HOW TO COMPLETE THIS TASK. From the first line of the listing below through the line with "設定完了後は「テスト」を行い", transcribe exactly and skip the pictures.

THE INPUT.
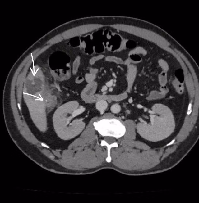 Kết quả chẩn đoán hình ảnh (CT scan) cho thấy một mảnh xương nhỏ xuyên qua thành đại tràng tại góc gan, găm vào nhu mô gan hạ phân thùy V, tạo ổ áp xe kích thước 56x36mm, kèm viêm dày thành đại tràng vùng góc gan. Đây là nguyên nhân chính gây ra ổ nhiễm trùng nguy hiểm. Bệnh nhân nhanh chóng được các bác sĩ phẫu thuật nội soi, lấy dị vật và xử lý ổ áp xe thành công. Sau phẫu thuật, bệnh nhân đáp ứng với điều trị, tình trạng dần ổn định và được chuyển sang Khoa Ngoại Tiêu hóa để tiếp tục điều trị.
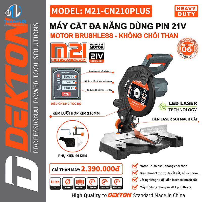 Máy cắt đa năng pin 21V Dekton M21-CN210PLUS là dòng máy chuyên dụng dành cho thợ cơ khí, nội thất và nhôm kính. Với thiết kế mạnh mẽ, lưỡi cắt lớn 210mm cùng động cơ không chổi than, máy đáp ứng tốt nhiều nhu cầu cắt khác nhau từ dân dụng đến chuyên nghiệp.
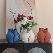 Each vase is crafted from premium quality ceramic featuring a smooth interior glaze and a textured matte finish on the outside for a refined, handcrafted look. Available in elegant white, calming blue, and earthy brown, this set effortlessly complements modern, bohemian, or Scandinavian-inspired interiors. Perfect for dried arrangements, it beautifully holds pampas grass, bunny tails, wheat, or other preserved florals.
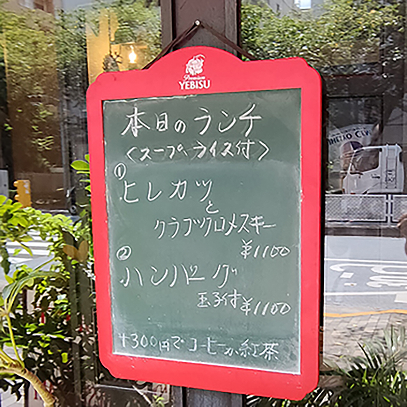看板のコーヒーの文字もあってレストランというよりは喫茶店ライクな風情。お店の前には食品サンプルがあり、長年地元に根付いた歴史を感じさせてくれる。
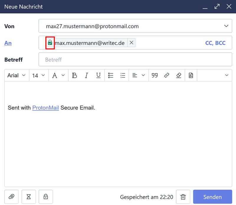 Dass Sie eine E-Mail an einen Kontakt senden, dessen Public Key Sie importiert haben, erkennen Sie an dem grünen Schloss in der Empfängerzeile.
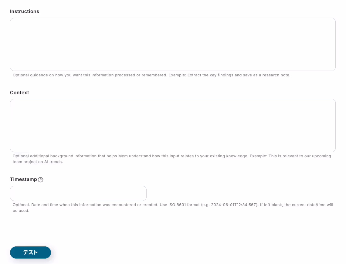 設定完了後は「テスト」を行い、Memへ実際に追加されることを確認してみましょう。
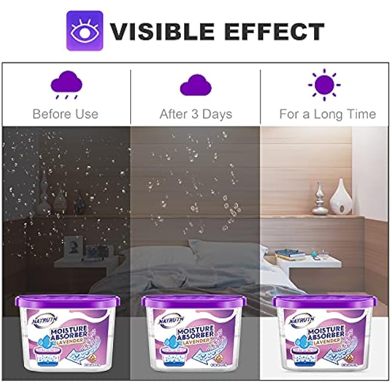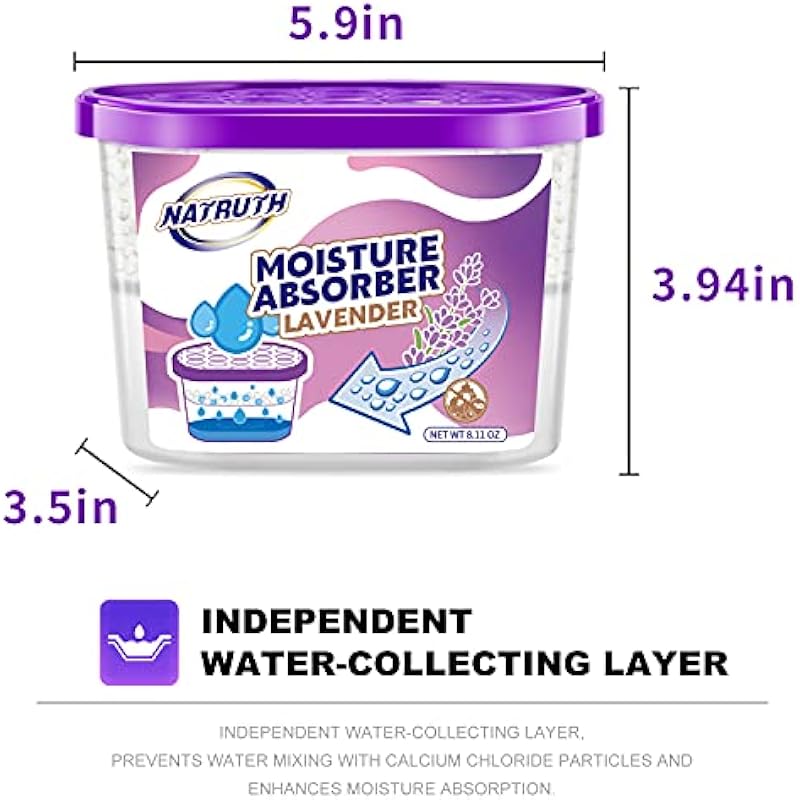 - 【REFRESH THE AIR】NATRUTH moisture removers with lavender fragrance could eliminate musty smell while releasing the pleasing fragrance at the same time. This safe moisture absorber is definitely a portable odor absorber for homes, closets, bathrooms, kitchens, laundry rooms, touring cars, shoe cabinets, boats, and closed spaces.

RESPONSE TO THIS TASK.
 Kết quả chẩn đoán hình ảnh (CT scan) cho thấy một mảnh xương nhỏ xuyên qua thành đại tràng tại góc gan, găm vào nhu mô gan hạ phân thùy V, tạo ổ áp xe kích thước 56x36mm, kèm viêm dày thành đại tràng vùng góc gan. Đây là nguyên nhân chính gây ra ổ nhiễm trùng nguy hiểm. Bệnh nhân nhanh chóng được các bác sĩ phẫu thuật nội soi, lấy dị vật và xử lý ổ áp xe thành công. Sau phẫu thuật, bệnh nhân đáp ứng với điều trị, tình trạng dần ổn định và được chuyển sang Khoa Ngoại Tiêu hóa để tiếp tục điều trị.
 Máy cắt đa năng pin 21V Dekton M21-CN210PLUS là dòng máy chuyên dụng dành cho thợ cơ khí, nội thất và nhôm kính. Với thiết kế mạnh mẽ, lưỡi cắt lớn 210mm cùng động cơ không chổi than, máy đáp ứng tốt nhiều nhu cầu cắt khác nhau từ dân dụng đến chuyên nghiệp.
 Each vase is crafted from premium quality ceramic featuring a smooth interior glaze and a textured matte finish on the outside for a refined, handcrafted look. Available in elegant white, calming blue, and earthy brown, this set effortlessly complements modern, bohemian, or Scandinavian-inspired interiors. Perfect for dried arrangements, it beautifully holds pampas grass, bunny tails, wheat, or other preserved florals.
看板のコーヒーの文字もあってレストランというよりは喫茶店ライクな風情。お店の前には食品サンプルがあり、長年地元に根付いた歴史を感じさせてくれる。
 Dass Sie eine E-Mail an einen Kontakt senden, dessen Public Key Sie importiert haben, erkennen Sie an dem grünen Schloss in der Empfängerzeile.
 設定完了後は「テスト」を行い、Memへ実際に追加されることを確認してみましょう。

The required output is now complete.